Hoch noted Anderson fired at the back of the vehicle after Martinez shot an AK-47 rifle multiple times, disabling at least one police car. Anderson and Martinez exchanged fire at least three times during the pursuit.
Webb fired at Martinez in self-defense, Hoch said, explaining that Martinez fired at Webb’s patrol car, prompting Webb to pull over and return fire.
Koussaya argued that the reasonableness of the officers’ actions could not be determined on summary judgment because they had violated a general departmental order relating to firing at vehicles during high-speed pursuits.

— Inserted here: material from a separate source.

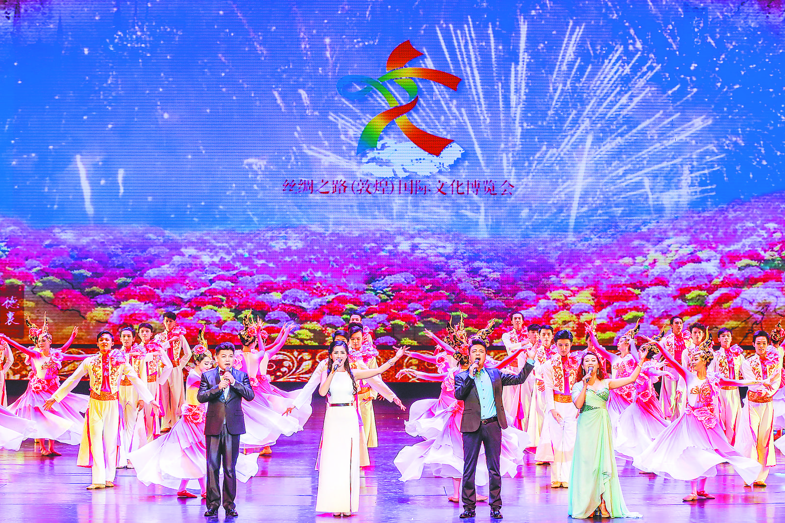 丝绸之路(敦煌)国际文化博览会(以下简称“敦煌文博会”)已成功举办了五届,每一届的中外联袂文艺晚会《相约敦煌》,都以主题突出、阵容强大、艺术精湛、影响广泛的特征,赢得了国内外嘉宾和广大观众的高度赞誉,成为文博会最受关注的看点之一,也成为文博会绚丽的艺术品牌。首届敦煌文博会上,《相约敦煌·2016》演出后,时任中国文联副主席、中国作协名誉副主席的丹增称赞这场演出是“心灵的交响 视觉的盛宴”。他说:“无论是节目的编排、演员的表演,还是舞美的设计、大屏的制作,都达到了高度统一、和谐完美和精致精彩,给人耳目一新之感,是高端化、专业化的主题文艺晚会。”第四届敦煌文博会上演出的《相约敦煌·2019》,来自拉脱维亚的演职人员认为,这场演出极具艺术品质,是一次难得的学习借鉴的好机会。
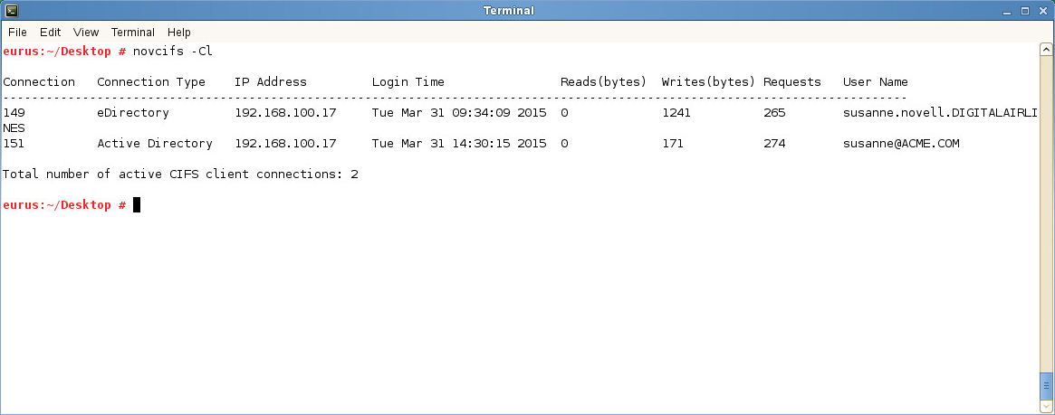 From the server console, run the novcifs -Cl command to view the connection details.

Hoch observed that “the existence of an applicable general order does not establish the standard of care for using deadly force.”
Rather, the standard is set by the 2013 state Supreme Court opinion in Hayes v. San Diego, which describes “reasonableness of an officer’s conduct is determined in light of the totality of circumstances.”
Additionally, violating general orders or rules of an organization does not automatically impute a breach of standard, Hoch said, remarking: “That is not the law.”
Koussaya also contended that there was a violation of a lieutenant’s specific order not to shoot at the vehicle. Hoch noted that while there is a factual dispute as to whether that applied to Anderson—a captain who outranked the lieutenant—“we nevertheless conclude violation of the order was reasonable as a matter of law in these specific circumstances.”
The case is Koussaya v. City of Stockton, C089159.